Generative AI Streamlines B2B eCommerce by Clearing Back-End Bottlenecks 

Personalization will always win vis-à-vis a one-size-fits-all approach.

And that is increasingly true, even across commercial and B2B engagements. 

But an effective program that leverages contextual clues to provide a bespoke experience is a heavy technical and cost lift — even across consumer-focused digital platforms, let alone commercial-centric ones. 

Enter: the game-changing capabilities of generative artificial intelligence (AI). 

In a world where messy data plagues the products we buy, generative AI can now generate new attributes and correct existing ones.

“Wrongly tagged items were a really difficult problem to solve — at least in the past. But the advent of generative AI has proven to a be a really good use case when applied to this area,” Eli Finkelshteyn, CEO and co-founder of eCommerce search and discovery process solution Constructor, tells PYMNTS. 

By seamlessly integrating with upstream systems, AI solutions offer a minimal technical lift for existing customers, making this an attractive option for eCommerce platforms looking to win share from businesses across industries.

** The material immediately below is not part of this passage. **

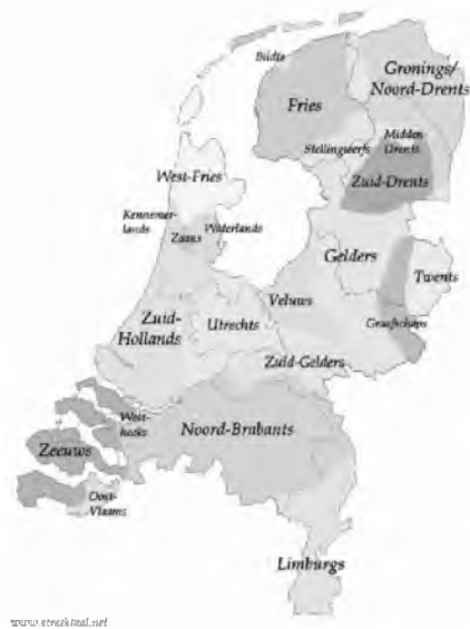
Figure 1. Dialect distribution in the Netherlands

“A lot of the time you’ll find useful hints about attributes that should exist in something like a description or other textual data,” Finkelshteyn explains. “The AI can figure out from the context, mixed with visual data and clickstream latent attributes, that are missing or were tagged incorrectly.”

AI solutions particularly shine in B2B use cases. 

Read moreWhy B2B Tech Will Drive the Next Innovation Cycle

B2B Tomorrow Looks a Lot Like B2C Today

“A lot of B2B catalogs, they tend to be very large, and the data is typically tagged by humans. And especially when you’re talking about third parties doing it, there’s going to be a lot of messiness there,” says Finkelshteyn. “Nobody’s going to go through and manually curate 40 million of these, especially for some of these larger commercial datasets.”

It just makes a whole lot more sense to have AI solve that problem for you and do 90, 95% of the work, he adds.

By analyzing clickstream data and learning from customer behavior, AI can adapt and improve its search filters and results over time. This dynamic approach ensures that what commercial customers are seeing as they search remains relevant and effective in meeting their needs. 

“B2B has needed to put up with bad software for a long time, or one-size-fits-all software, that wasn’t really built for them,” says Finkelshteyn.

PYMNTS has long been tracking how today’s B2B tech innovations, which are inherently meant to organize information and better structure previously unorganized relationships, are now allowing firms involved to capture easy-win efficiencies that have historically been lost among legacy inefficiencies and manually reliant procedural gaps.

“AI shopping assistance, for example. I think that there’s a lot of potential promise there [for B2B]. It’ll be more a question of what’s the right user interface, and will users actually want to use those, and will they find it to be an easier and better experience than traditional search? I think the jury’s out, and we’ll see,” Finkelshteyn explains.

Read moreThe Trickledown Consumerization of B2B Payments Helps Firms Win Business

The Devil Is in the Data

If the world’s ongoing digitization has just one transformative impact, it’s that it is continually evolving the digital B2B marketplaces organizations use to meet their needs. 

But while removing legacy bottlenecks along the B2B journey is emerging as a key competitive differentiator for both buyers and suppliers, there remain no shortage of bottlenecks that still need to be plucked out of the process. 

“Right now, when that data is incorrect, it largely falls on the site merchants to fix. These are incredibly smart people who understand their businesses very well, and they could be doing strategic work. And instead, they’re correcting colors from green to yellow. That’s not a good use of anybody’s time. Being able to fix that problem for them as much as we can I think is a good thing for everybody involved,” says Finkelshteyn.

With its ability to generate new attributes, correct incorrect ones, and refine search filters and results, AI promises to revolutionize the way businesses handle product data, paving the way for enhanced efficiency and improved commercial customer experiences.

But what does the Constructor CEO think of generative AI more broadly? 

“The number one caution that I’d give to everybody is force companies like mine to prove that the value is actually there. Test the AI, make sure that it’s actually driving the KPIs, what is being promised — I think that will be what keeps generative AI from being a hype cycle that eventually ends, to AI being something that leads to actual, very real benefits across the marketplace,” Finkelshteyn says.